Entries shown START
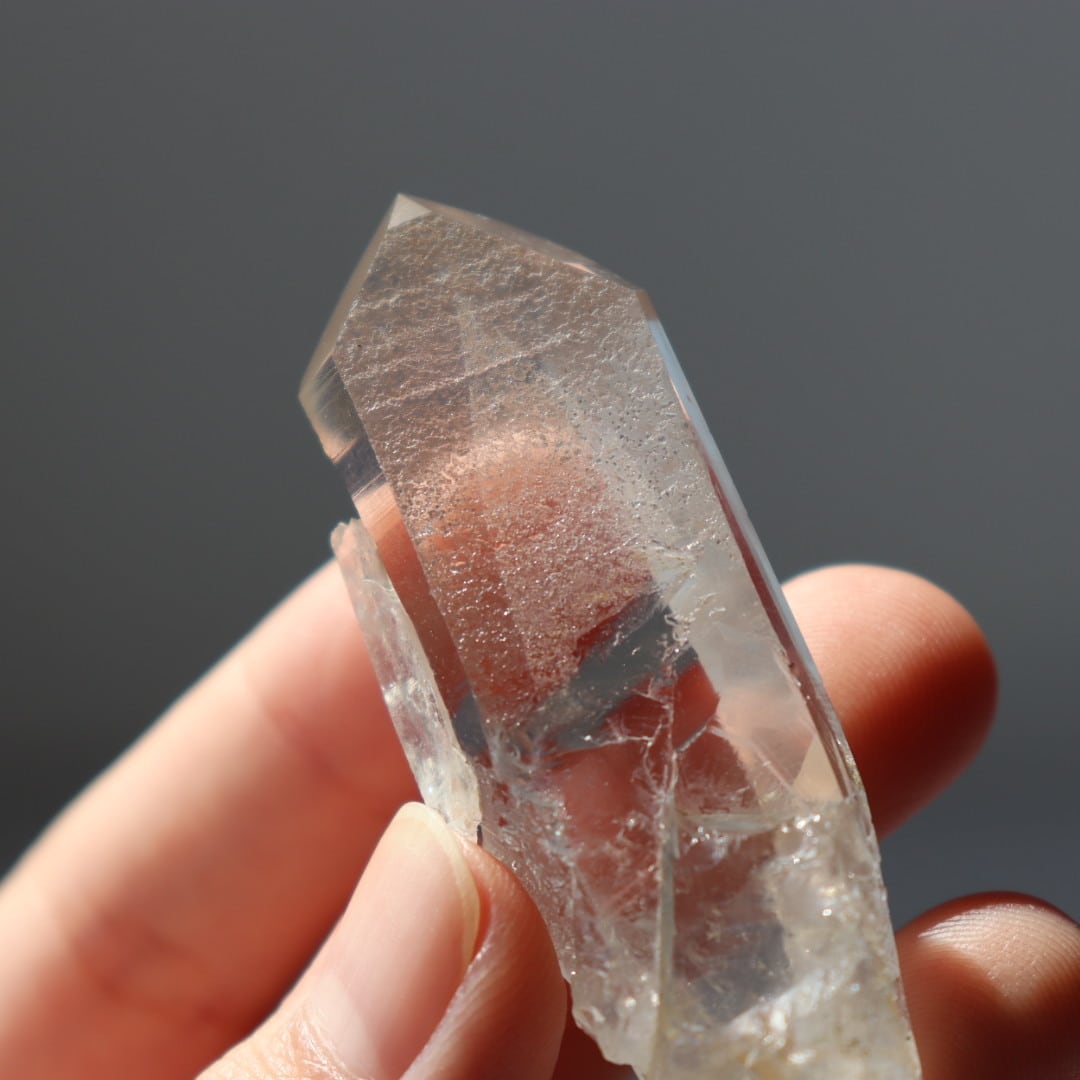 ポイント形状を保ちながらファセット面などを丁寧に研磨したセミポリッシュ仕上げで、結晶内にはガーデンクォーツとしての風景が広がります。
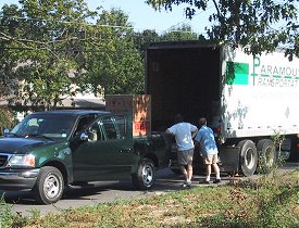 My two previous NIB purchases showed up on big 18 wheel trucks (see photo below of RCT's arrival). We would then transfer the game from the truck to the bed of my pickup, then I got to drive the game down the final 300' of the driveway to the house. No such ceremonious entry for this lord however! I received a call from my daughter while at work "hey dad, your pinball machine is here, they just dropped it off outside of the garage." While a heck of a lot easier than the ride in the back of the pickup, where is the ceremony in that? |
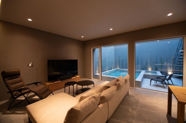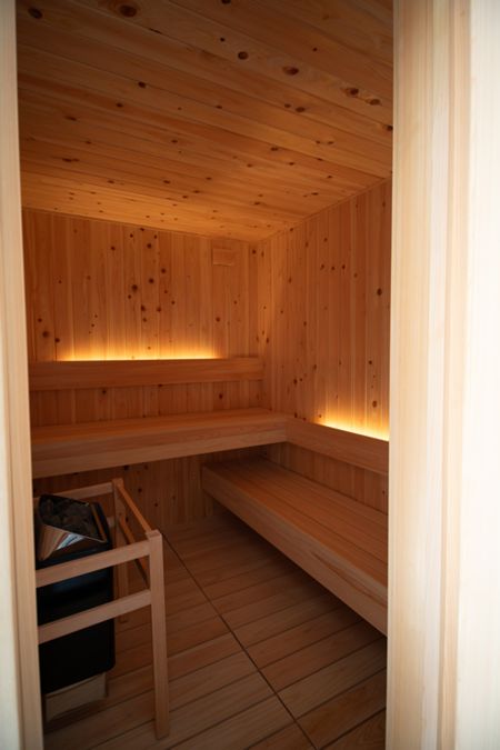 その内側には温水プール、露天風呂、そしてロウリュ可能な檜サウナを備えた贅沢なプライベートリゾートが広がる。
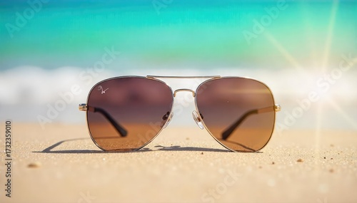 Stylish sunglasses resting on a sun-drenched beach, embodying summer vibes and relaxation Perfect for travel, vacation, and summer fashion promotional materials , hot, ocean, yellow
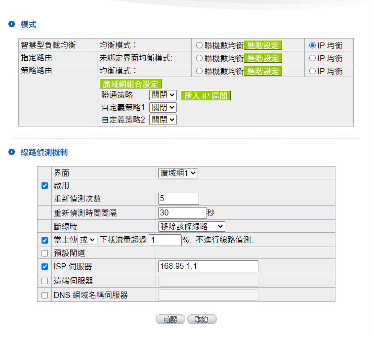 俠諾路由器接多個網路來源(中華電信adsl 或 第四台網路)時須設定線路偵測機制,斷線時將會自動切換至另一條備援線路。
Entries shown END
Print, without pictures, exactly the lines from the one containing "その内側には温水プール、露天" through the final line of the records above.

**Written solution**
 その内側には温水プール、露天風呂、そしてロウリュ可能な檜サウナを備えた贅沢なプライベートリゾートが広がる。
 Stylish sunglasses resting on a sun-drenched beach, embodying summer vibes and relaxation Perfect for travel, vacation, and summer fashion promotional materials , hot, ocean, yellow
 俠諾路由器接多個網路來源(中華電信adsl 或 第四台網路)時須設定線路偵測機制,斷線時將會自動切換至另一條備援線路。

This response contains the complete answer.